The name of the file visited in this buffer, or nil. This is the value of the buffer-local variable buffer-file-name (see Buffer File Name).

undo_list
backed_up
auto_save_file_name
auto_save_file_format
read_only
file_format
file_truename
invisibility_spec
display_count
display_time

These fields store the values of Lisp variables that are automatically buffer-local (see Buffer-Local Variables), whose corresponding variable names have the additional prefix buffer- and have underscores replaced with dashes. For instance, undo_list stores the value of buffer-undo-list.

mark

The mark for the buffer. The mark is a marker, hence it is also included on the list markers. See The Mark.

local_var_alist

The association list describing the buffer-local variable bindings of this buffer, not including the built-in buffer-local bindings that have special slots in the buffer object. (Those slots are omitted from this table.) See Buffer-Local Variables.

major_mode

Symbol naming the major mode of this buffer, e.g., lisp-mode.

mode_name

Pretty name of the major mode, e.g., "Lisp".

keymap
abbrev_table
syntax_table
category_table
display_table

These fields store the buffer’s local keymap (see Keymaps), abbrev table (see Abbrev Tables), syntax table (see Syntax Tables), category table (see Categories), and display table (see Display Tables).

downcase_table
upcase_table
case_canon_table

These fields store the conversion tables for converting text to lower case, upper case, and for canonicalizing text for case-fold search. See The Case Table.

minor_modes

An alist of the minor modes of this buffer.

pt_marker
begv_marker
zv_marker

These fields are only used in an indirect buffer, or in a buffer that is the base of an indirect buffer.

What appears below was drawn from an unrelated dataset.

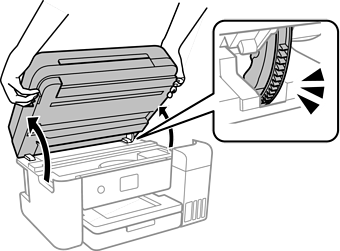 Кога го исправувате печатачот, внимавајте да не ви ги заглави дланките или прстите. Во спротивно, може да се повредите.

Each holds a marker that records pt, begv, and zv respectively, for this buffer when the buffer is not current.

mode_line_format
header_line_format
case_fold_search
tab_width
fill_column
left_margin
auto_fill_function
truncate_lines
word_wrap
ctl_arrow
bidi_display_reordering
bidi_paragraph_direction
selective_display
selective_display_ellipses
overwrite_mode
abbrev_mode
mark_active
enable_multibyte_characters
buffer_file_coding_system
cache_long_line_scans
point_before_scroll
left_fringe_width
right_fringe_width
fringes_outside_margins
scroll_bar_width
indicate_empty_lines
indicate_buffer_boundaries
fringe_indicator_alist
fringe_cursor_alist
scroll_up_aggressively
scroll_down_aggressively
cursor_type
cursor_in_non_selected_windows

These fields store the values of Lisp variables that are automatically buffer-local (see Buffer-Local Variables), whose corresponding variable names have underscores replaced with dashes. For instance, mode_line_format stores the value of mode-line-format.

overlays

The interval tree containing this buffer’s overlays.

last_selected_window

This is the last window that was selected with this buffer in it, or nil if that window no longer displays this buffer.